BY HEIDI ULRICHSEN
When the Group Health Centre, an ambulatory care centre in Sault Ste. Marie, became one of the first organizations in Ontario to install an electronic medical record system in 1997, physicians and other health-care professionals using it weren’t sure what to think.
Some found that looking at the electronic chart and entering information onto the computer during appointments lessened the personal connection they had with their patients.
“It’s interesting, though, that over the years they’ve found a way to make it work. What they’ve done is incorporate the screen right into the visit,” said Tamara Shewciw, senior manager of information technology at the Group Health Centre.
“If I’m a physician and you’re my patient, I’d be pointing to graphs on how we’ll you’re doing with your health.”
The benefits of the electronic medical record system, which was purchased from Clinidata, have more than made up for the health-care workers’ initial unease, she said.
Every visit to a health-care professional within the centre, whether it’s with a family physician or a nurse, is recorded in the electronic medical record, keeping the entire health care team up to date on patients’ conditions.
An interface with Sault Area Hospital’s electronic medical record system automatically deposits certain information about patients into the Group Health Centre’s files, she said.
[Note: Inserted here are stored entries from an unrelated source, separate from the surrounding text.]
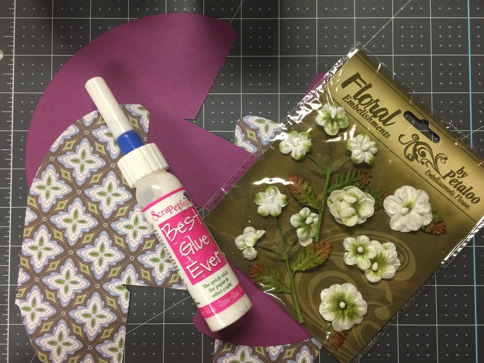 gluing the flower embellishment with ScraPerfect’s Best Glue Ever ™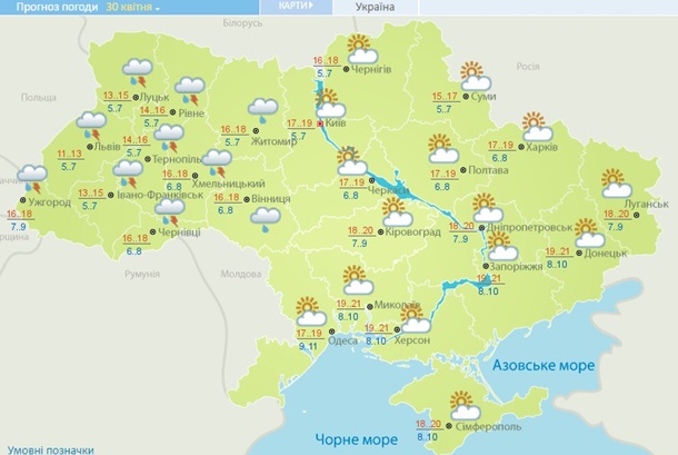 В ближайшие сутки, 30 апреля, в Украине синоптики прогнозируют осадки на западе страны, а также в Винницкой и Житомирской области возможны кратковременные дожди. Одновременно незначительно понизится температура воздуха, сообщила синоптик Наталья Диденко в своем Facebook, передает Корреспондент.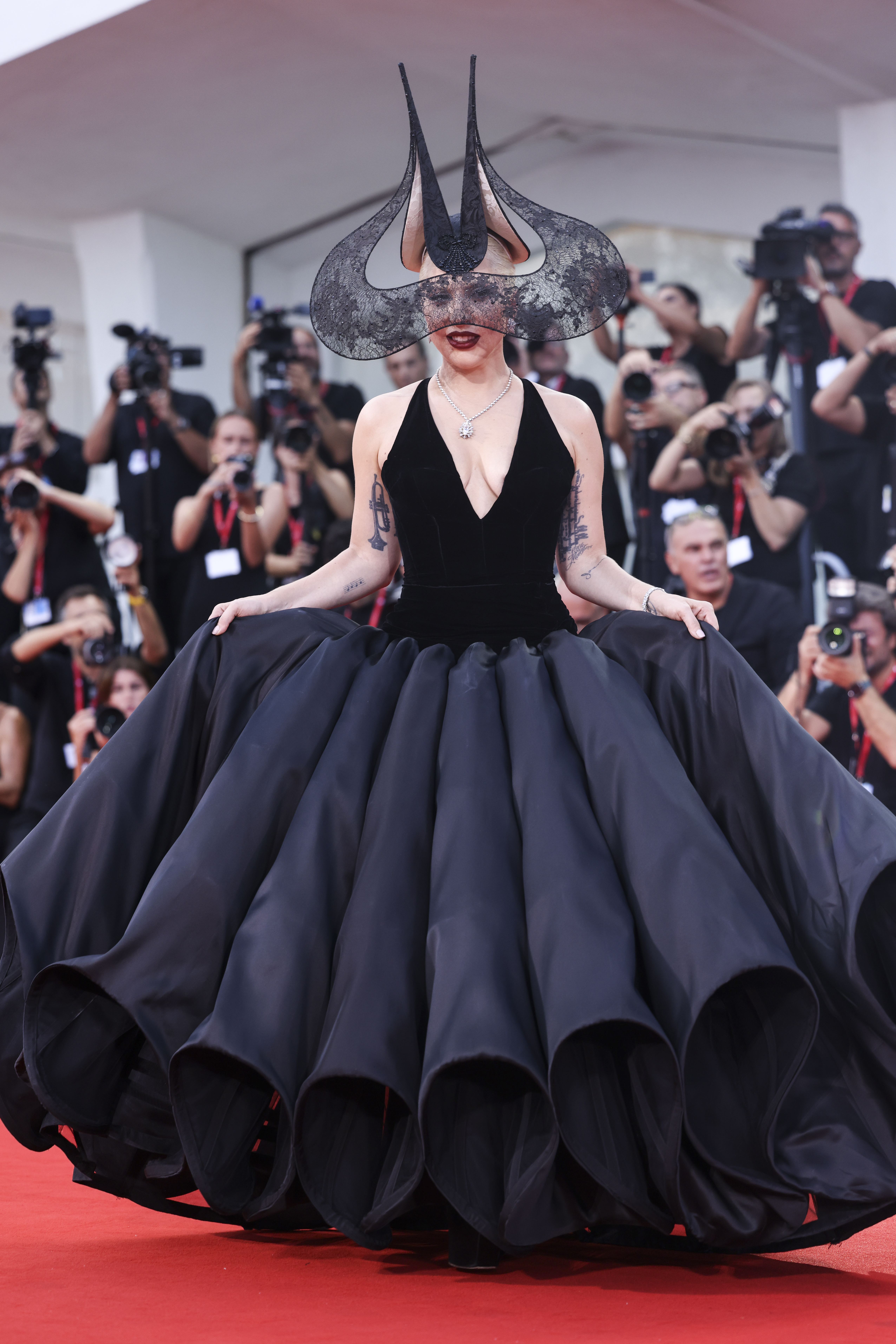 Lady Gaga wears Dior Haute Couture at the “Joker: Folie à Deux” premiere during the Venice Film Festival 2024.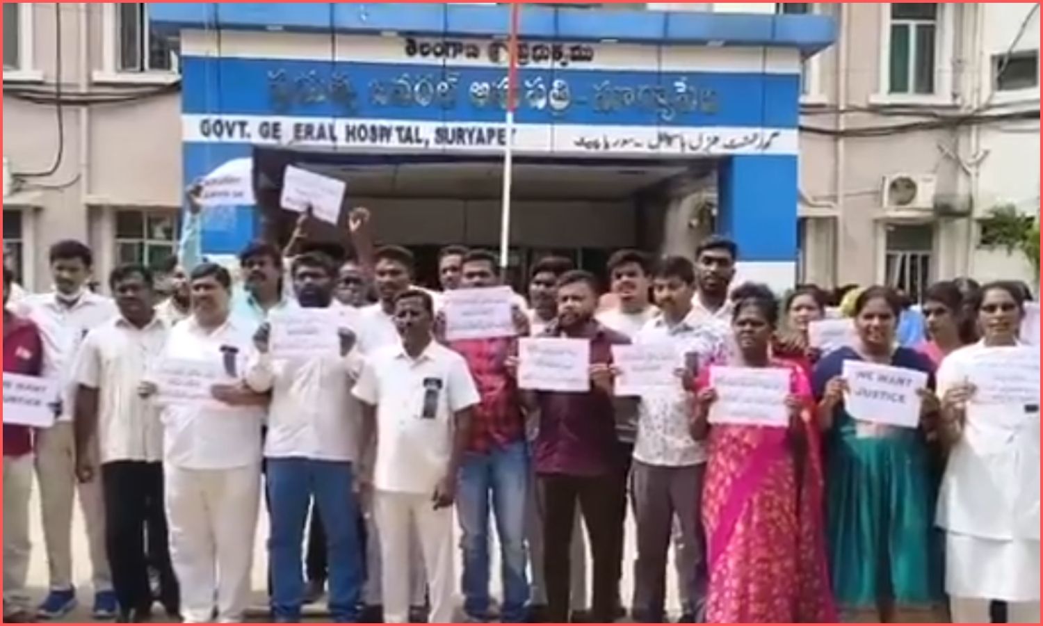 Hyderabad: Outsourcing staff at Suryapet Government General Hospital staged a protest on Tuesday demanding immediate release of their pending salaries. The employees said 126 outsourcing workers, including lab technicians, computer operators, and drivers, had not received wages for the past five months.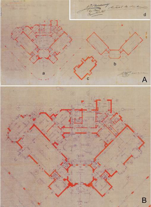 - Tal como se explica detalladamente más abajo, se retiraron cuatro planos y una foja del expediente municipal (“Hicken Construcción” Número 586- Año 1932) supuestamente con la autorización de Cristóbal M. Hicken, lo que deja abierta la posibilidad de que alguno de esos planos llevara la firma de Arturo Prins o Fernando de Estrada.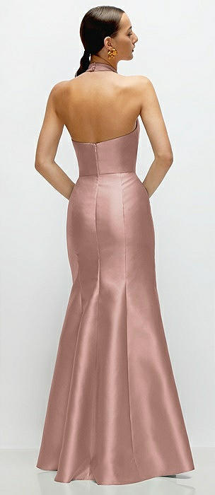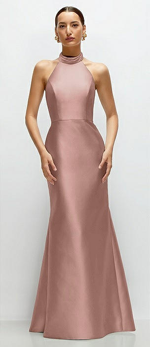 High-Neck Halter Open-Back Satin Trumpet Dress in neu nude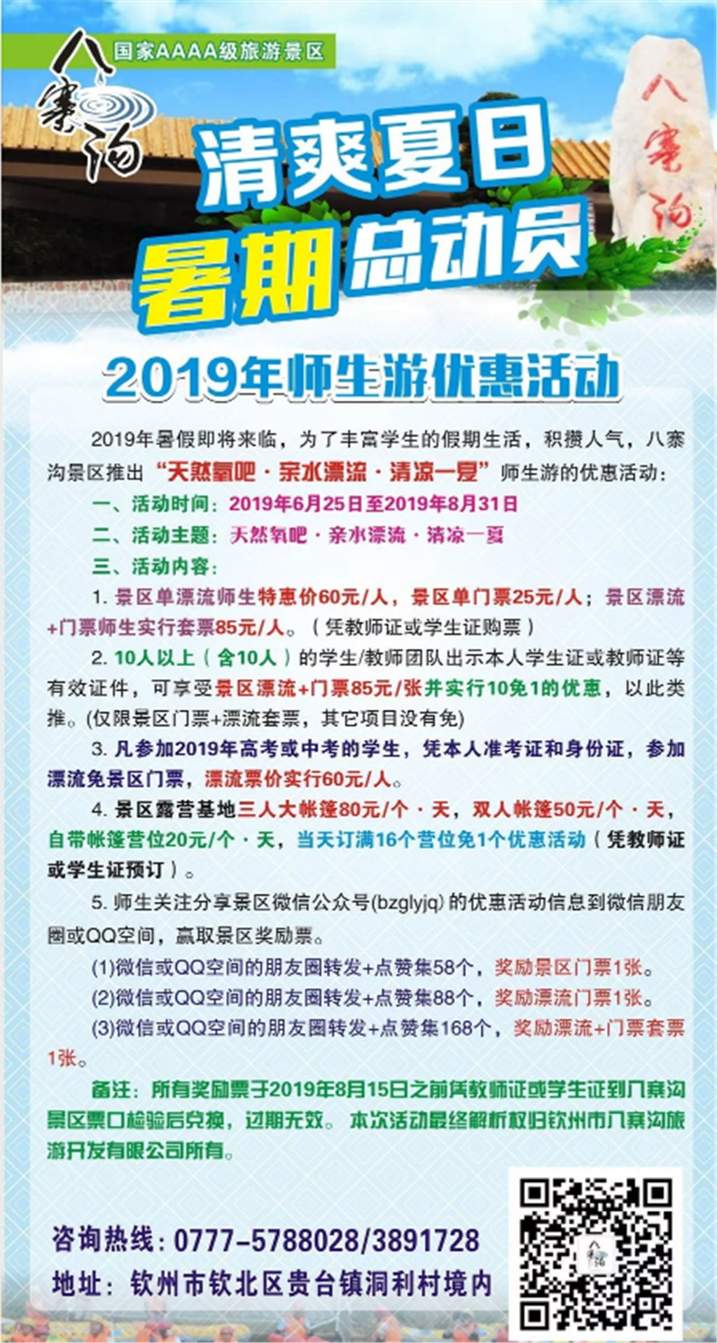 2019 年暑期將至,八寨溝景區(qū)推出暑期系列票價優(yōu)惠政策, 師生群體可享受景區(qū)門票半價, 八寨溝森林漂流特惠價, 關(guān)注景區(qū)微信公眾號并轉(zhuǎn)發(fā)朋友圈集贊, 贏取八寨溝景區(qū)門 票和森林漂流票等系列優(yōu)惠活動。

The centre’s Health Promotion Initiatives (HPI) program, which is integrated with the electronic medical record, gives physicians a system of easy-to-use templates to follow when assessing and treating patients with chronic conditions.
They have a list of tests to perform and questions to ask. For example, for patients with diabetes, the physician will do things like check their weight and ask about their diet and recent blood sugar levels.
The health of patients with chronic conditions has improved significantly as a result of the HPI program, said Shewciw.
Having an electronic medical record system also allows for studies on the centre’s patient population to be done easily, she said.
“We knew that we wanted to do research so that we could provide better care,” said Shewciw. “Measuring outcomes is so much easier with electronic charts than trying to flip through paper charts and looking for the number of diabetes patients we have, for example.”
The Group Health Centre, established in 1963 with money raised by unions in Sault Ste. Marie, serves 62,000 patients.
The centre itself is run jointly by the Sault Ste. Marie and District Group Health Association, a not-for-profit, charitable organization, and a group of 61 physicians belonging to the Algoma District Medical Group.
The Group Health Association owns the building, equipment and furnishings, and employs 300 “non-physician” staff, including health professionals like nurses, nurse practitioners, audiologists and speech pathologists, as well as administrators.
The electronic medical record system is supported by a large technical department, said Shewciw.
If a health-care professional doesn’t want to spend time filling in t
he electronic medical record themselves, they can pick up the phone and dictate what they want to appear in their patient’s chart to the transcription department, she said.
The people working in this department will transcribe this information and send it back for corrections before it is permanently entered into the system.
Paper documents arriving at the Group Health Centre are scanned in the scanning department, converted to an electronic format, and stored in the patient’s file, Shewciw said.
A year ago, the Group Health Centre pushed its electronic medical records to the next level with the launch of EMRxtra.
The Sault’s 23 pharmacies now have access to health information for 300 consenting patients with congestive heart failure and diabetes, letting pharmacists know why physicians are prescribing certain medications and helping them to reduce mistakes.
Shewciw said she hopes EMRxtra will eventually be extended to all patients rostered at the centre.
Canada Health Infoway provided $2 million to finance the project, and the Group Health Centre provided another $1.5 million.
“As we were setting up the EMRxtra project, we looked at what a pharmacist would need to see to help with a patient’s care. We decided on lab results, past surgeries and the care plan of the patients. Our physicians agreed that this makes sense,” she said.
“The pharmacists have actually been calling patients in to review their meds to see if they are on the right ones. A lot of the time they are taking over-the-counter medications that our physicians don’t know about.”
Because of regulations, physicians must still provide paper prescriptions to their patients, but that information is also transmitted electronically to pharmacists, said Shewciw.
The centre has already won two awards for the EMRxtra project - the 2007 Canadian Information Productivity Award, and the Sault Ste. Marie Centre’s Project of the Year Award.
Shewciw herself won the 2007 IT Executive of the Year Award for her contributions to EMRxtra and the electronic medical record system, and Group Health Centre family physician Dr. Lewis O’Brien won the Community-Based Physician Leader/Innovator Award at the 2007 Canada Health Informatics Awards Gala.
Patients participating in EMRxtra also have access to their own medical information and a series of tools to improve their health on an Internet portal on Group Health Centre’s website, called My Health Matters, said Shewciw.
For example, they can learn more about their diagnosis, and keep track of appointments and the medications they are taking, she said.
“We hope to roll it out to the rest of the patient population as soon as possible,” she said.